• Data excerpt:

((

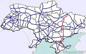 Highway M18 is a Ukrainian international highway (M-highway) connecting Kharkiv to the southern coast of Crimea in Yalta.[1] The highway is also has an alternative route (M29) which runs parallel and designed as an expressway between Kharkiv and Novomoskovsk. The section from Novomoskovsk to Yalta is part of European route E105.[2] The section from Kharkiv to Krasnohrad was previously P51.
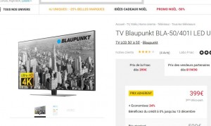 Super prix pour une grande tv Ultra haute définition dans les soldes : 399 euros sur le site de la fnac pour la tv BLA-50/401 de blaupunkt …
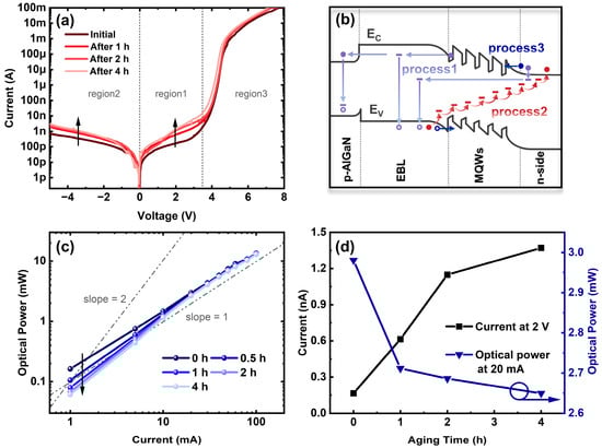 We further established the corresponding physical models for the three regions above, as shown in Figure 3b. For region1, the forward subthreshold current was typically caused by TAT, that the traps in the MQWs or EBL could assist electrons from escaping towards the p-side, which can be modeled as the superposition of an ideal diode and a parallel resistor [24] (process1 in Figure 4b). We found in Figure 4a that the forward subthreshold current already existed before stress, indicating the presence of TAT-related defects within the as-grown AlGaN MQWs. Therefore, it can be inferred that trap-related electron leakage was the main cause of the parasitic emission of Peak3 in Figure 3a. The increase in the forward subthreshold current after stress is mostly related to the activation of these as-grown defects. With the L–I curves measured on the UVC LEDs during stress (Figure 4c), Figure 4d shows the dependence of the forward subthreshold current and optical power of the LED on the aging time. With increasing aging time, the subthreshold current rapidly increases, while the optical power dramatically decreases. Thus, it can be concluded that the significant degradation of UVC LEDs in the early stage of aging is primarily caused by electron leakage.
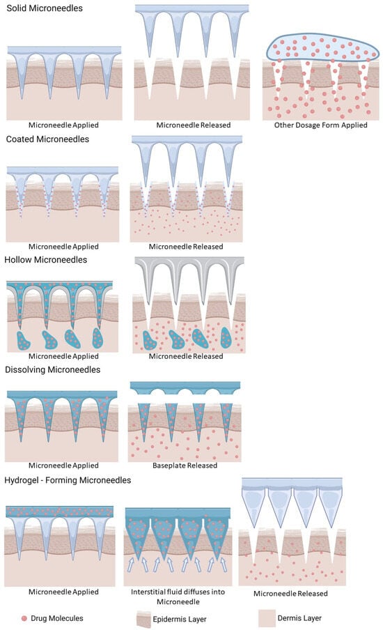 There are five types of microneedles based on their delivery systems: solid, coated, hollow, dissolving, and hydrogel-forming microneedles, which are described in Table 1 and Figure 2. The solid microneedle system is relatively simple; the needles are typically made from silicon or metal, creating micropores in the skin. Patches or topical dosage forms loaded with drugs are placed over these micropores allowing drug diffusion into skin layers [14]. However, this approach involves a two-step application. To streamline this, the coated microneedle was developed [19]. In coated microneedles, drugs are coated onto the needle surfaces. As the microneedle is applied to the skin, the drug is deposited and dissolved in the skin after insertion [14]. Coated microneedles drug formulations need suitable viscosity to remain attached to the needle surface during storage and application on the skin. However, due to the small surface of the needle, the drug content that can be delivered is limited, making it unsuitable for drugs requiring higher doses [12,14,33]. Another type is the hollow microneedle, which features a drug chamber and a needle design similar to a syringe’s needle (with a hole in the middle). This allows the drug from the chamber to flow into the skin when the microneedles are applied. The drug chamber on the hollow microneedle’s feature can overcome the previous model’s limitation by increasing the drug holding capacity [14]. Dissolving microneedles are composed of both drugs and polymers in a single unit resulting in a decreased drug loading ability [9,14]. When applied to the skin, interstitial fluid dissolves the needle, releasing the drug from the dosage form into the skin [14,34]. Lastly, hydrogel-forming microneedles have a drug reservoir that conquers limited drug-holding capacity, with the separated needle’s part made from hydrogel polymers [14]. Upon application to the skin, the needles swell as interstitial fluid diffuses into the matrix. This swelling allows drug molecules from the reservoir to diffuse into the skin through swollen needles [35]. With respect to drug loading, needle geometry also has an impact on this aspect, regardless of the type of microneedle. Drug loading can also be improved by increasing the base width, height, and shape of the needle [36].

))

• Exercise objective: Every line above should be copied exactly, apart from any pictures.

• Result:
 Highway M18 is a Ukrainian international highway (M-highway) connecting Kharkiv to the southern coast of Crimea in Yalta.[1] The highway is also has an alternative route (M29) which runs parallel and designed as an expressway between Kharkiv and Novomoskovsk. The section from Novomoskovsk to Yalta is part of European route E105.[2] The section from Kharkiv to Krasnohrad was previously P51.
 Super prix pour une grande tv Ultra haute définition dans les soldes : 399 euros sur le site de la fnac pour la tv BLA-50/401 de blaupunkt …
 We further established the corresponding physical models for the three regions above, as shown in Figure 3b. For region1, the forward subthreshold current was typically caused by TAT, that the traps in the MQWs or EBL could assist electrons from escaping towards the p-side, which can be modeled as the superposition of an ideal diode and a parallel resistor [24] (process1 in Figure 4b). We found in Figure 4a that the forward subthreshold current already existed before stress, indicating the presence of TAT-related defects within the as-grown AlGaN MQWs. Therefore, it can be inferred that trap-related electron leakage was the main cause of the parasitic emission of Peak3 in Figure 3a. The increase in the forward subthreshold current after stress is mostly related to the activation of these as-grown defects. With the L–I curves measured on the UVC LEDs during stress (Figure 4c), Figure 4d shows the dependence of the forward subthreshold current and optical power of the LED on the aging time. With increasing aging time, the subthreshold current rapidly increases, while the optical power dramatically decreases. Thus, it can be concluded that the significant degradation of UVC LEDs in the early stage of aging is primarily caused by electron leakage.
 There are five types of microneedles based on their delivery systems: solid, coated, hollow, dissolving, and hydrogel-forming microneedles, which are described in Table 1 and Figure 2. The solid microneedle system is relatively simple; the needles are typically made from silicon or metal, creating micropores in the skin. Patches or topical dosage forms loaded with drugs are placed over these micropores allowing drug diffusion into skin layers [14]. However, this approach involves a two-step application. To streamline this, the coated microneedle was developed [19]. In coated microneedles, drugs are coated onto the needle surfaces. As the microneedle is applied to the skin, the drug is deposited and dissolved in the skin after insertion [14]. Coated microneedles drug formulations need suitable viscosity to remain attached to the needle surface during storage and application on the skin. However, due to the small surface of the needle, the drug content that can be delivered is limited, making it unsuitable for drugs requiring higher doses [12,14,33]. Another type is the hollow microneedle, which features a drug chamber and a needle design similar to a syringe’s needle (with a hole in the middle). This allows the drug from the chamber to flow into the skin when the microneedles are applied. The drug chamber on the hollow microneedle’s feature can overcome the previous model’s limitation by increasing the drug holding capacity [14]. Dissolving microneedles are composed of both drugs and polymers in a single unit resulting in a decreased drug loading ability [9,14]. When applied to the skin, interstitial fluid dissolves the needle, releasing the drug from the dosage form into the skin [14,34]. Lastly, hydrogel-forming microneedles have a drug reservoir that conquers limited drug-holding capacity, with the separated needle’s part made from hydrogel polymers [14]. Upon application to the skin, the needles swell as interstitial fluid diffuses into the matrix. This swelling allows drug molecules from the reservoir to diffuse into the skin through swollen needles [35]. With respect to drug loading, needle geometry also has an impact on this aspect, regardless of the type of microneedle. Drug loading can also be improved by increasing the base width, height, and shape of the needle [36].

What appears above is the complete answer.